__Data supplied__:

_ _ _ _ _ _ _

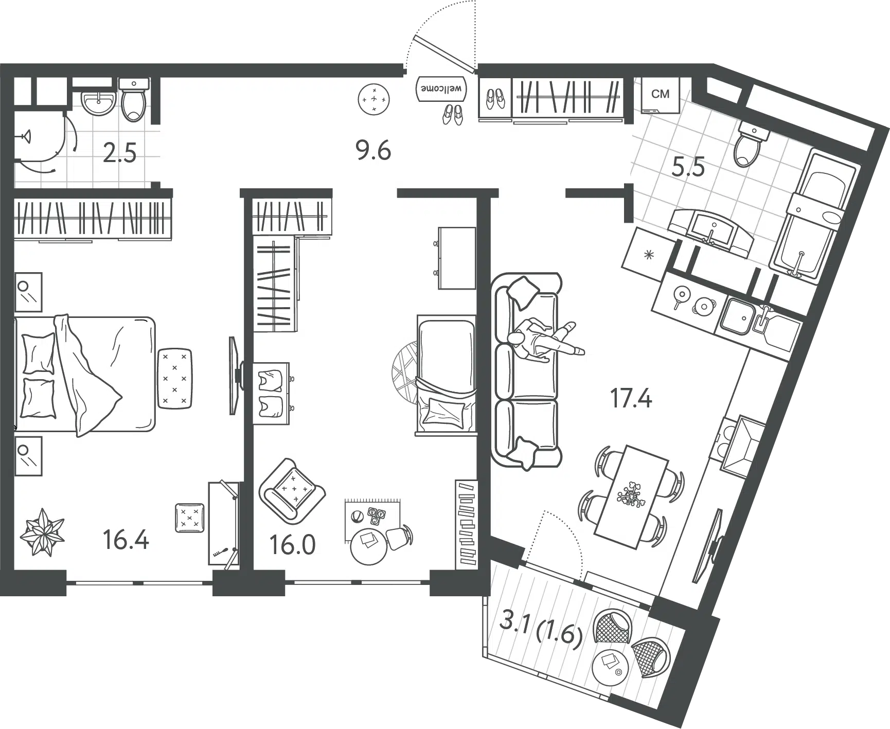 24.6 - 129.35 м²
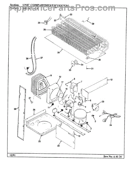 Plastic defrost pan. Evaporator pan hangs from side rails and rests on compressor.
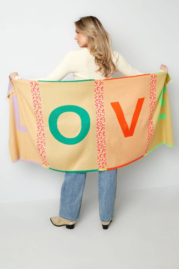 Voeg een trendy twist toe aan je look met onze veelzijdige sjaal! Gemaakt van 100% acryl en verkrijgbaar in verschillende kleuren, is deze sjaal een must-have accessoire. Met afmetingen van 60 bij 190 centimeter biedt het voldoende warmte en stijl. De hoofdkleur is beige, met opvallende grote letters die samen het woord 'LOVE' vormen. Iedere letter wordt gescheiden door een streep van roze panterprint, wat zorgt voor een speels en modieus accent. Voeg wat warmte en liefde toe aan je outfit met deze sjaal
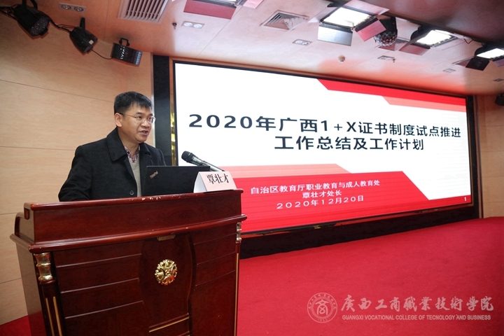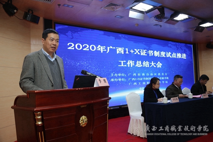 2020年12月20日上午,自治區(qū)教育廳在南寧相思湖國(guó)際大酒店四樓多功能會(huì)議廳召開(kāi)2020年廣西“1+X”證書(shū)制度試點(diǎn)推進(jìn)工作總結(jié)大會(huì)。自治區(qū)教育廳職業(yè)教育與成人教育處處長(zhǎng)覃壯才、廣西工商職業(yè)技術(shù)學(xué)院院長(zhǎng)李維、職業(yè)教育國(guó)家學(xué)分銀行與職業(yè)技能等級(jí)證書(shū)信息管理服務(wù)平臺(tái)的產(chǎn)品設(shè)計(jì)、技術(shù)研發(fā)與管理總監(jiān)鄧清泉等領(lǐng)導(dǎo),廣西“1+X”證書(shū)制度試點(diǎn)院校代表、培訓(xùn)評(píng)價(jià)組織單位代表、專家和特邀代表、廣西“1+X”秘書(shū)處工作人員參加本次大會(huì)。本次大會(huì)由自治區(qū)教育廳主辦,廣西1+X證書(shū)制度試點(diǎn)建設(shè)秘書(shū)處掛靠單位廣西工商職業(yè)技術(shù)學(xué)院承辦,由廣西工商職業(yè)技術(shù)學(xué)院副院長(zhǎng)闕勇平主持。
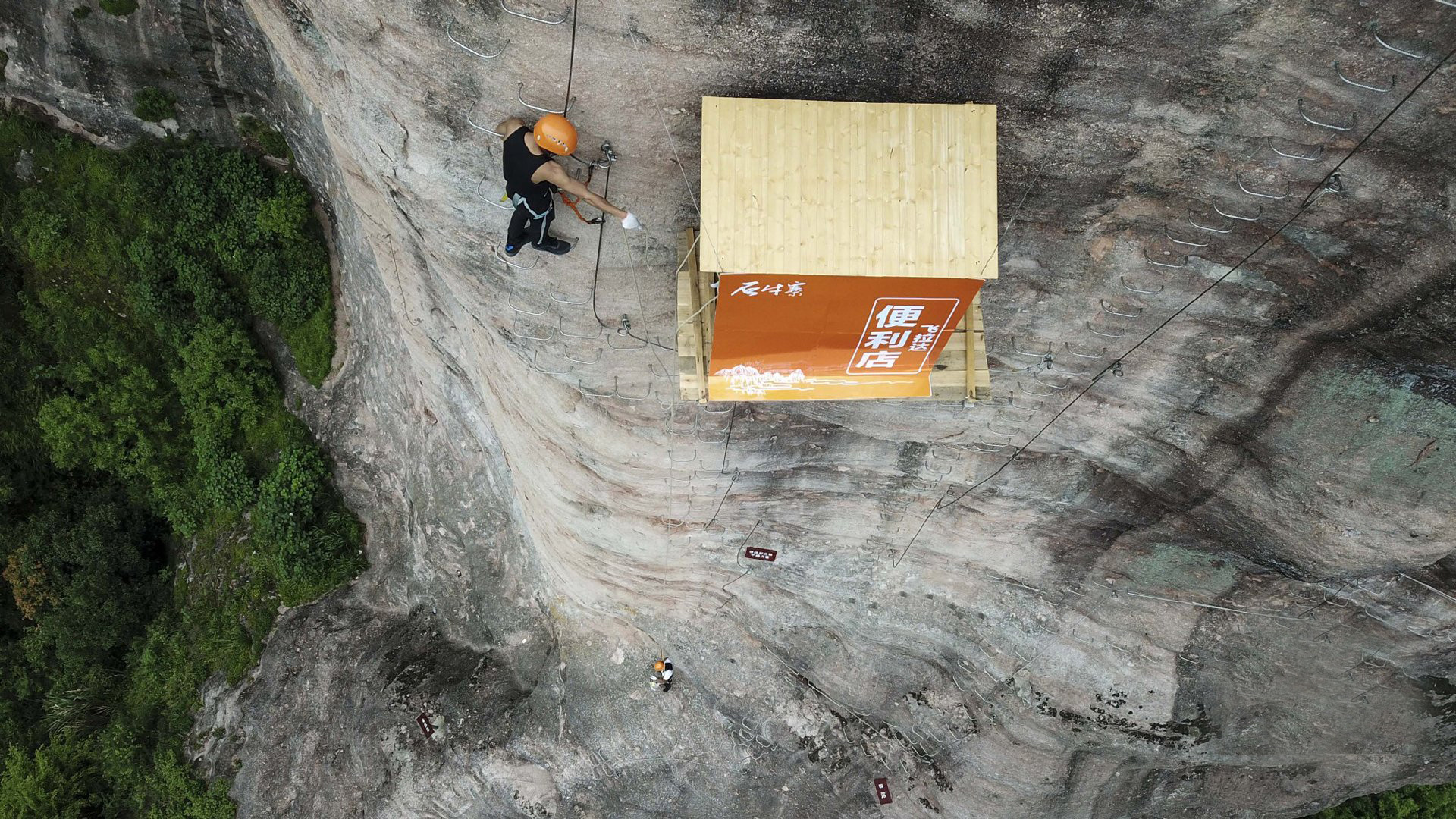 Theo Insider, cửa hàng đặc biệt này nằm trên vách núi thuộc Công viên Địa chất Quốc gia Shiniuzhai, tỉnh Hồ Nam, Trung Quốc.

_ _ _ _ _ _ _

__Exercise description__: Skip the images and restate each record above word for word.

__Task solution__:
 24.6 - 129.35 м²
 Plastic defrost pan. Evaporator pan hangs from side rails and rests on compressor.
 Voeg een trendy twist toe aan je look met onze veelzijdige sjaal! Gemaakt van 100% acryl en verkrijgbaar in verschillende kleuren, is deze sjaal een must-have accessoire. Met afmetingen van 60 bij 190 centimeter biedt het voldoende warmte en stijl. De hoofdkleur is beige, met opvallende grote letters die samen het woord 'LOVE' vormen. Iedere letter wordt gescheiden door een streep van roze panterprint, wat zorgt voor een speels en modieus accent. Voeg wat warmte en liefde toe aan je outfit met deze sjaal
 2020年12月20日上午,自治區(qū)教育廳在南寧相思湖國(guó)際大酒店四樓多功能會(huì)議廳召開(kāi)2020年廣西“1+X”證書(shū)制度試點(diǎn)推進(jìn)工作總結(jié)大會(huì)。自治區(qū)教育廳職業(yè)教育與成人教育處處長(zhǎng)覃壯才、廣西工商職業(yè)技術(shù)學(xué)院院長(zhǎng)李維、職業(yè)教育國(guó)家學(xué)分銀行與職業(yè)技能等級(jí)證書(shū)信息管理服務(wù)平臺(tái)的產(chǎn)品設(shè)計(jì)、技術(shù)研發(fā)與管理總監(jiān)鄧清泉等領(lǐng)導(dǎo),廣西“1+X”證書(shū)制度試點(diǎn)院校代表、培訓(xùn)評(píng)價(jià)組織單位代表、專家和特邀代表、廣西“1+X”秘書(shū)處工作人員參加本次大會(huì)。本次大會(huì)由自治區(qū)教育廳主辦,廣西1+X證書(shū)制度試點(diǎn)建設(shè)秘書(shū)處掛靠單位廣西工商職業(yè)技術(shù)學(xué)院承辦,由廣西工商職業(yè)技術(shù)學(xué)院副院長(zhǎng)闕勇平主持。
 Theo Insider, cửa hàng đặc biệt này nằm trên vách núi thuộc Công viên Địa chất Quốc gia Shiniuzhai, tỉnh Hồ Nam, Trung Quốc.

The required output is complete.